The Sheats–Goldstein Residence is a home designed and built between 1961 and 1963 by American architect John Lautner in the Beverly Crest neighborhood in Los Angeles, California, a short distance up the hill from the Beverly Hills city limit. The building was conceived from the inside out and built into the sandstone ledge of the hillside; a cave-like dwelling that opens to embrace nature and view.  The house is an example of American Organic Architecture that derives its form as an extension of the natural environment and of the individual for whom it was built. Typical of Lautner's work, the project was approached from an idea and a structure was derived that addressed the challenges of the site.

History

The home was originally built for Helen and Paul Sheats and their three children. Helen, an artist, and Paul, a university professor, had previously commissioned Lautner for the 1948–1949 Sheats Apartments project located in Westwood adjacent to the University of California, Los Angeles.

There were two subsequent owners before a businessman, James Goldstein, purchased the residence in 1972, in a state of some disrepair. No walls existed in the living room, and a device meant to heat the house often did not work well. Goldstein commissioned John Lautner to work on the transformation of the house; a series of remodelings that would encompass the entire house over a period of more than two decades. Goldstein worked with Lautner until the architect's death in 1994 on what they called "perfecting" the house.

The Sheats–Goldstein Residence is one of the best known examples of John Lautner's work; he designed not only the house, but the interiors, windows, lighting, rugs, furniture, and operable features. The house is extensively detailed, and the range of the architect's work is visible through the different stages of the re-mastering. All of the furnishings enhance the house and are completely related so that the aesthetic of the forms is a function of the whole.

The original construction of the house is poured-in-place concrete, steel, and wood. The home was built with five bedrooms, four and a half baths, and a living room that was originally completely open to the terrace, protected by only a curtain of forced air. The living room features open space that carries the interior into the outdoors blurring the line between the interior and exterior. The expansive coffered ceiling living room is pierced by drinking glass skylights in the coffers (750 skylights in all). The home uses cross ventilation for cooling; there is no air conditioning. The floors are radiant heated with copper pipes that also warm the pool. Exterior covered pathways lead to the guest bedrooms and the master bedroom, and outside features include a tennis court and night club.
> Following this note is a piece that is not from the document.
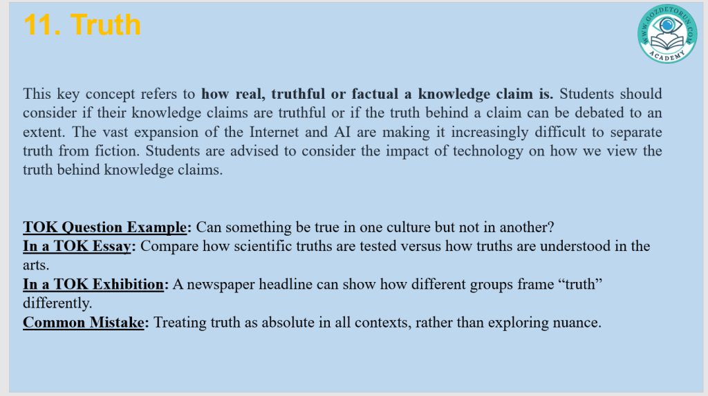| Truth | Belief or statement that aligns with reality | Conflicting news headlines |

Lautner opened these spaces because of the temperate climate that Southern California offers most of the year. Pool windows in the master bedroom were also an original feature that allowed Helen Sheats to watch her children as she worked in her studio below the pool.

The skyspace, also called Above Horizon, is an art installation located on a steep slope below the residence. The skyspace was designed by light artist James Turrell. The project is built in the same construction materials as the home. James Goldstein originally conceived this art installation as a collaboration between John Lautner and James Turrell. However, Lautner died before being able to work extensively on the project. Completed in 2004, the room features two portals, made by a local aerospace engineer, which fold away using carbon fiber composite materials. The room also contains a built-in concrete lounge to enjoy the thousands of hidden LEDs that flood the room every evening for the sky and light show.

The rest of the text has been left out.